Naganishia albidosimilis

Scientific classification
- Kingdom: Fungi
- Division: Basidiomycota
- Class: Tremellomycetes
- Order: Filobasidiales
- Family: Filobasidiaceae
- Genus: Naganishia
- Species: N. albidosimilis
- Binomial name: Naganishia albidosimilis (Vishniac & Kurtzman) X.Z. Liu, F.Y. Bai, M. Groenew. & Boekhout (2015)
- Synonyms: Cryptococcus albidosimilis

= Naganishia albidosimilis =

- Genus: Naganishia
- Species: albidosimilis
- Authority: (Vishniac & Kurtzman) X.Z. Liu, F.Y. Bai, M. Groenew. & Boekhout (2015)
- Synonyms: Cryptococcus albidosimilis

Species of fungus

Naganishia albidosimilis (synonym Cryptococcus albidosimilis) is a species of fungus in the family Filobasidiaceae. It is currently only known from its yeast state, isolated from soil in Antarctica.

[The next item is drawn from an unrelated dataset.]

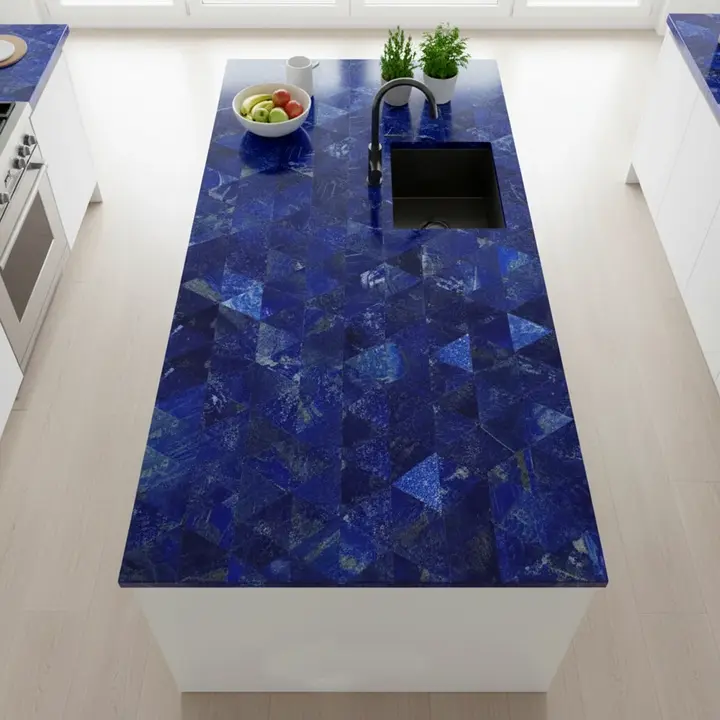 Luxury lapis gemstone countertop slab crafted from natural semi-precious stone, ideal for kitchen countertops and bathroom vanities. Each piece features unique patterns and rich colors.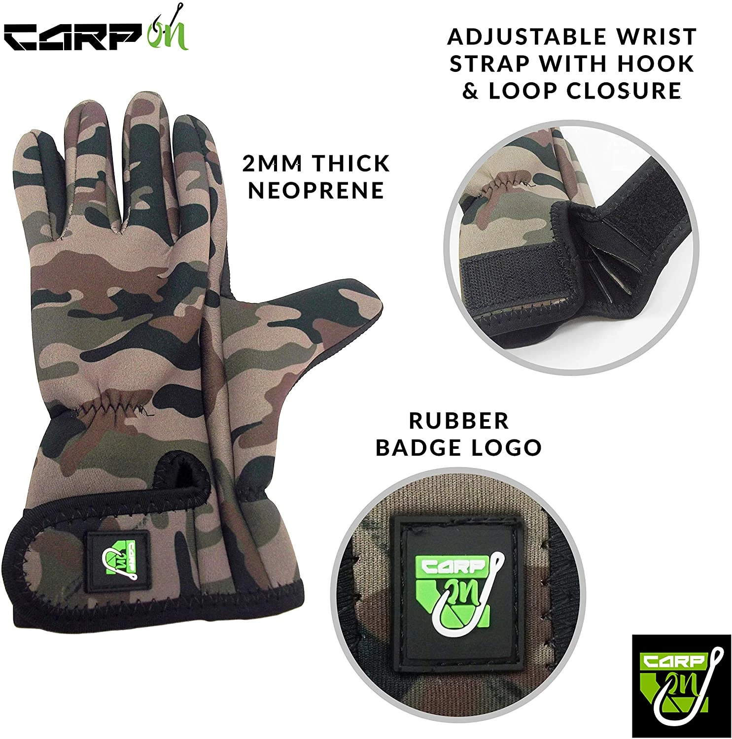 Carp On – Large Full Fingered DPM CAMO 2mm Neoprene Non Slip Gloves with Adjustable Secure Wrist Strap For Fishing and Working in Cold Damp Wet Conditions

When plated on agar Naganishia albidosimilis produces colonies that are shining white. The colonies appear to be mucosoid when plated on agar. When grown in liquid media, the yeast fails to grow well unless the media is constantly agitated. This species is considered mesophilic, with optimal growth temperature at 25 °C. The yeast cells are ovoid and produce a capsule. Naganishia albidosimilis reproduces through budding and it does not appear as though this species reproduces through any sexual means. When mature, the cell size is approximately 4.9μm to 6.6μm. Naganishia albidosimilis can use L-arabinose, cellobiose, citrate at pH 6.0, ethanol, D-glucitol, gluconate at pH 5.8, glucuronate at pH 5.5, myo-inositol, lactose, maltose, mannitol, melezitose, α-methylglucoside, L-rhamnose, salicin, soluble starch, succinate at pH 5.5, sucrose and xylose as sole carbon sources. Naganishia albidosimilis can also use L-lysine, nitrate and cadaverine as sole nitrogen sources. This species cannot ferment. Naganishia albidosimilis is DBB positive, and produces amylose.